COUNTING ICE-WEDGE POLYGONS FROM SPACE: USE OF COMMERCIAL SATELLITE IMAGERY TO MONITOR CHANGING ARCTIC POLYGONAL TUNDRA

A. Hasan1, M. R. Udawalpola1, C. Witharana1, and A. K. Liljedahl2 A. Hasan et al.
  • 1Dept. of Natural Resources and the Environment, University of Connecticut, Storrs, Connecticut, USA
  • 2Woodwell Climate Research Center, Falmouth, Massachusetts, USA

Keywords: Arctic, Ice-wedge polygons, Deep learning, Satellite imagery, Mapping, Mask R-CNN, Augmentations

Abstract. The microtopography associated with ice wedge polygons (IWPs) governs the Arctic ecosystem from local to regional scales due to the impacts on the flow and storage of water and therefore, vegetation and carbon. Increasing subsurface temperatures in Arctic permafrost landscapes cause differential ground settlements followed by a series of adverse microtopographic transitions at sub decadal scale. The entire Arctic has been imaged at 0.5 m or finer resolution by commercial satellite sensors.
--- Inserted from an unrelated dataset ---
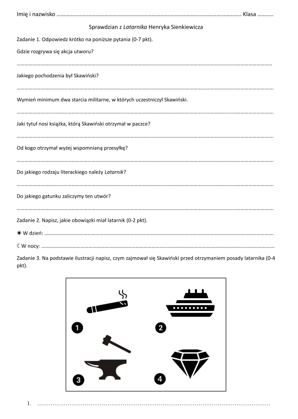 Materiał zawiera 11 sprawdzianów do lektur obowiązkowych z klas 7-8 razem z kluczem odpowiedzi do zadań.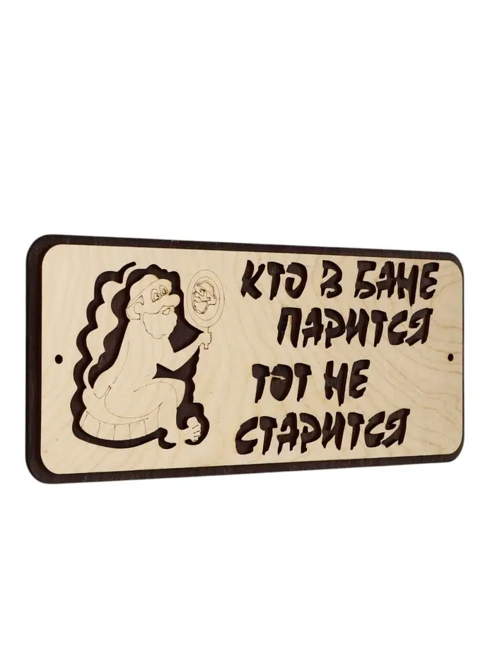 Деревянная табличка для бани «Кто в бане парится, тот не старится» — настенный элемент декора для парной, сауны или зоны отдыха. Натуральная древесина сочетается с банной отделкой, а резная надпись и изображение дополняют оформление пространства.

Dramatic microtopographic transformation of low-centered into high-centered IWPs can be identified using sub-meter resolution commercial satellite imagery. In this exploratory study, we have employed a Deep Learning (DL)-based object detection and semantic segmentation method named the Mask R-CNN to automatically map IWPs from commercial satellite imagery. Different tundra vegetation types have distinct spectral, spatial, textural characteristics, which in turn decide the semantics of overlying IWPs. Landscape complexity translates to the image complexity, affecting DL model performances. Scarcity of labelled training images, inadequate training samples for some types of tundra and class imbalance stand as other key challenges in this study. We implemented image augmentation methods to introduce variety in the training data and trained models separately for tundra types. Augmentation methods show promising results but the models with separate tundra types seem to suffer from the lack of annotated data.